→ Exercise details: Which lines run from the one containing "ASUS Prime H610M E" through the end of the data? Write them out exactly, with the pictures left out.

→ Supplied material:
::::
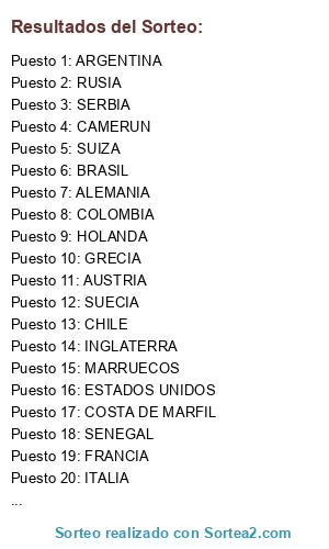 Resultados del sorteo:
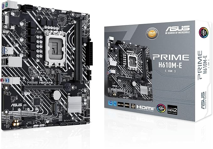 ASUS Prime H610M E CSM Intel LGA1700 MotherboardThe ASUS Prime H610M-E CSM motherboard is designed to deliver reliable performance and essential features for everyday computing, business systems, and home PCs. Built on the Intel H610 chipset, it supports Intel 12th, 13th, and 14th Gen processors with the LGA1700 socket.
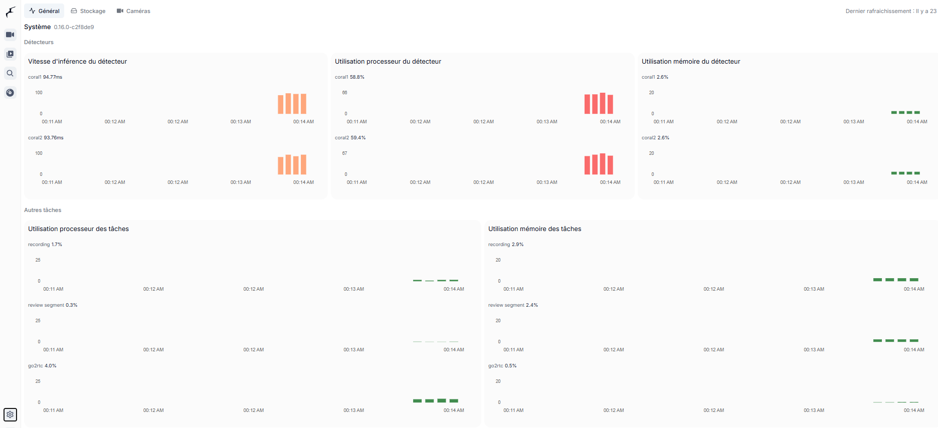 Merci pour ton conseil que je suis actuellement en train de tester. 2 remarques, j’ai cru un instant avoir atteint le graale en voyant des vitesses d’inférence redescendues à 10ms mais c’était sans me rendre compte que la détection pour chaque caméra n’était pas active. En réactivant je reviens à 75ms en ayant tenté de ne pas utiliser Go2RTC. Je dis en tentant car dans les nouvelles versions de Frigate Go2RTC est systématiquement activé donc la seule chose qu’on puisse faire c’est d’utiliser dans la définition le flux RTSP directement (mais Go2RTC fonctionne tout de même). Ou alors y a -t-il un moyen de ne pas faire tourner Go2RTC ? Du coup également est-ce que vous tous qui avez des vitesses d’inférence de 10ms vous avez bien la détection active pour toutes les cameras ?
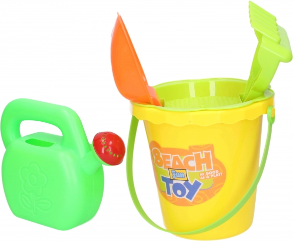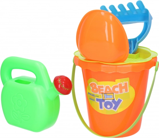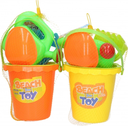 Praktičan dječji set za pijesak veličine 15 cm sadrži sve što mali graditelji trebaju: kanticu, sito, zalijevaču, grablje i lopaticu. Dostupne su 2 varijante boja – žuta i narančasta. Odlično za igralište, plažu i vrt.
::::
→ Written solution:
 ASUS Prime H610M E CSM Intel LGA1700 MotherboardThe ASUS Prime H610M-E CSM motherboard is designed to deliver reliable performance and essential features for everyday computing, business systems, and home PCs. Built on the Intel H610 chipset, it supports Intel 12th, 13th, and 14th Gen processors with the LGA1700 socket.
 Merci pour ton conseil que je suis actuellement en train de tester. 2 remarques, j’ai cru un instant avoir atteint le graale en voyant des vitesses d’inférence redescendues à 10ms mais c’était sans me rendre compte que la détection pour chaque caméra n’était pas active. En réactivant je reviens à 75ms en ayant tenté de ne pas utiliser Go2RTC. Je dis en tentant car dans les nouvelles versions de Frigate Go2RTC est systématiquement activé donc la seule chose qu’on puisse faire c’est d’utiliser dans la définition le flux RTSP directement (mais Go2RTC fonctionne tout de même). Ou alors y a -t-il un moyen de ne pas faire tourner Go2RTC ? Du coup également est-ce que vous tous qui avez des vitesses d’inférence de 10ms vous avez bien la détection active pour toutes les cameras ?
 Praktičan dječji set za pijesak veličine 15 cm sadrži sve što mali graditelji trebaju: kanticu, sito, zalijevaču, grablje i lopaticu. Dostupne su 2 varijante boja – žuta i narančasta. Odlično za igralište, plažu i vrt.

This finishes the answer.